In his year end press conference, Brian Burke noted he wanted the Leafs to get bigger and tougher going forward. Tyler Dellow has noted Steve Tambellini’s singular and bizarre fascination with the term poise. In Calgary, the implicit, operating assumption for the last three or four years has been the players are good enough to win on the ice, but they need more ______ (fill in the blank with whatever term you care to use. Leadership, will to win, cohesion, consistency of effort, grace etc.).
Although looking for toughness or poise or leadership sounds desirable (and their lack makes for a plausible explanation for failures), the problem with those concepts is their subjectivity and imprecision. During such press conferences, I always wait for someone in crowd to start asking for specifics when GM’s start throwing out the ol’ "we need our men to be decidedly more manly" quotes. For example:
  "How much bigger and tougher do you need to get? Is that in parallel with other qualities (speed, intelligence), or in favor to?"
 "Do you expect a magnitude increase in toughness? How will you  measure that?"
 "Do you expect more toughness to lead to less goals against? Or more goals for? Both? How much do you expect this increased truculence to improve your team’s goal differential? Why?"
 "How much do you expect to pay for this increase in muscle? How do you determine that this is an efficient use of resources?"
 Of course, such questions would be mostly facetious. While concepts like toughness/leadership/poise are easy to visualize as useful, tangible factors, they can’t actually be identified or quantified in any meaningful sense. As such, they also can’t be applied in any sort of rigorous analysis in terms of how "generally accepted positive quality X" affects goal differential (ie; wins) – except in the most rudimentary way (they probably help somehow).

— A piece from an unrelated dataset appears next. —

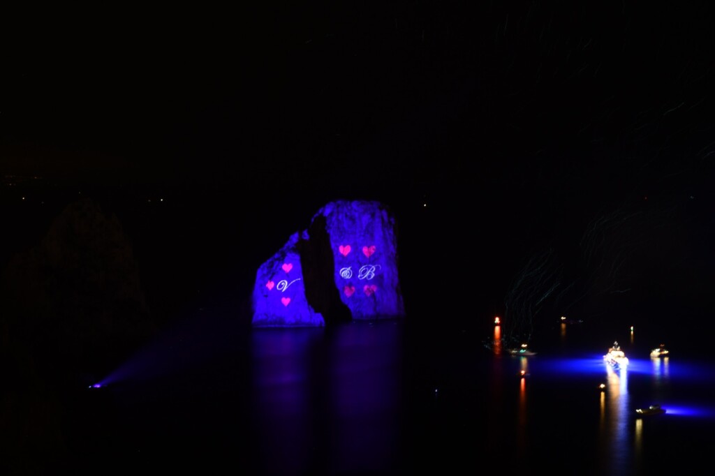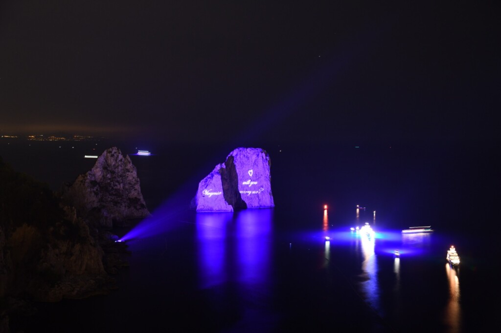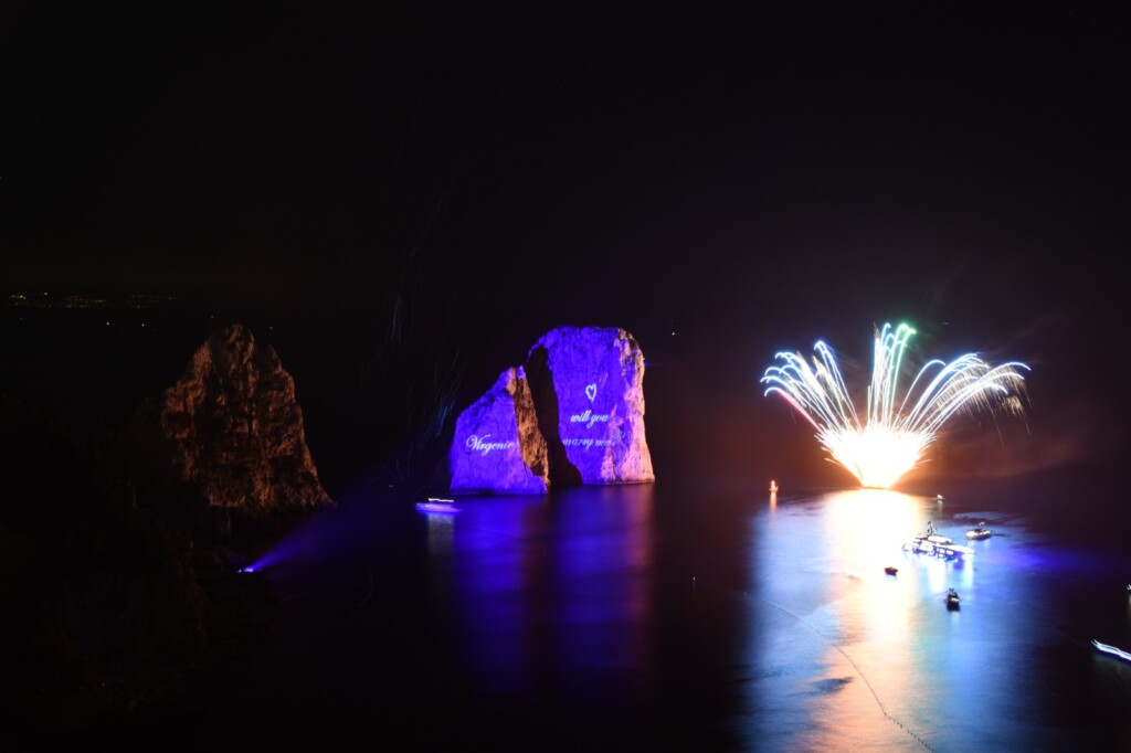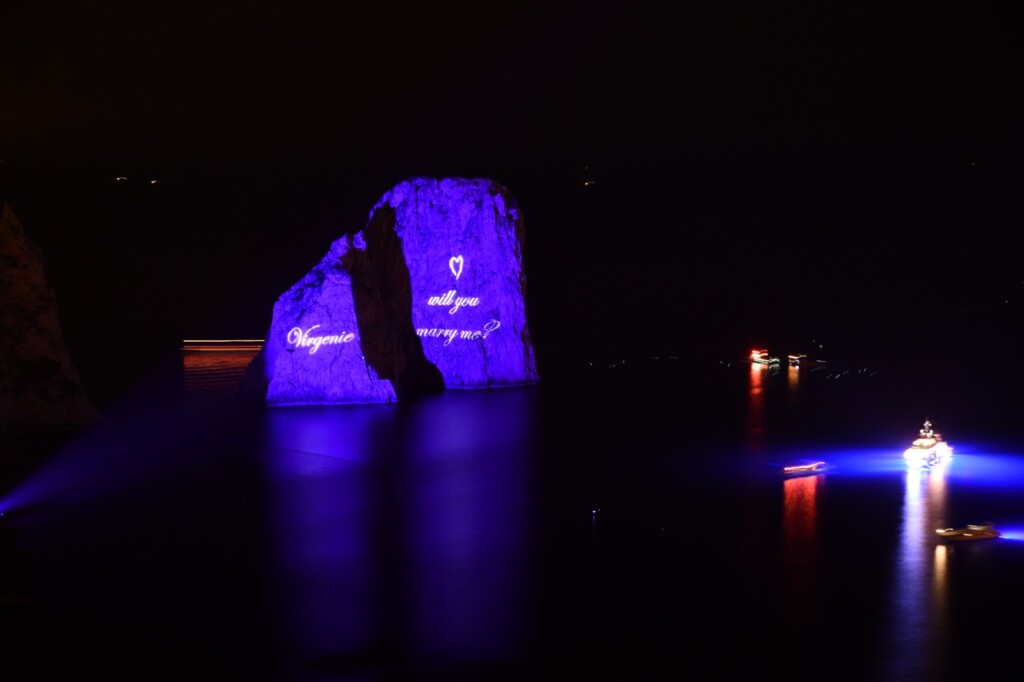 Notte magica ieri nella baia di marina piccola con i faraglioni illuminati d’azzurro mediante un faro che proiettava sulle rocce, dove abita la lucertola azzurra, la scritta della proposta di matrimonio fatta da un magnate innamorato tedesco: “Virginie Will You Merry Me?” (Virginia, mi vuoi sposare?). Le registe occulte di tutta la scenografia sono state due manager capresi di “Capri Moments”, agenzia caprese delle due intraprendenti manager Fabrizia Brunetti e Maria Consilia Ruotolo che hanno organizzato in tutta segretezza l’evento preparandolo nei minimi dettegli. Sullo Yacht che fiancheggiava i faraglioni da dove è partito uno straordinario spettacolo di fuochi artificiali, mentre un’orchestra a bordo dava il via allo show che è durato fin dopo mezza notte continuando lo spettacolo dei fuochi artificiali che ha illuminato anche la baia nel romantico ultimo weekend di fine settembre.

The problem is that the relationship between stuff like leadership and poise to success is indirect, assumed and impossible to measure. Which isn’t to say wanting good guys in the room or lots of poise (however you want to describe that) is necessarily bad, it’s just that managers who make grand, conventionally valued but ill-defined qualities their primary objective can end up chasing ghosts and gossip.
It’s that type of thinking that leads you to trade a third round pick for an overpaid Steve Staios at the deadline or sign a doddering, gin-soaked Nikolai Khabibulin for $2 million too much and two years too long. The idea that reputation and attitude in the room trumps on-ice performance or talent level is what so often leads to bad bets or gross inefficiency.
If you’re a manager or fan of a bad team, your club probably has fundamental deficiencies in terms of talent in various places on the roster that lead to either too many goals against or not enough goals for (or both). Decision makers would be well advised to concentrate on shoring up those areas by asking questions of a players performance.
For instance –
"Does a player drive shots on net? Who dos he play with? Against? Does he produce on the PP? Is he a good bet to sustain that performance?"
Rather than –
"Is he good guy? Has he ever been on a cup winning team? Can he punch other players in the face?"
The former set of questions will get you closer to a players measurable value to the team. The latter are pale proxies of his abilities and value based on crude assumptions. The former should therefore always be considered before the latter in questions of player acquisition and retention.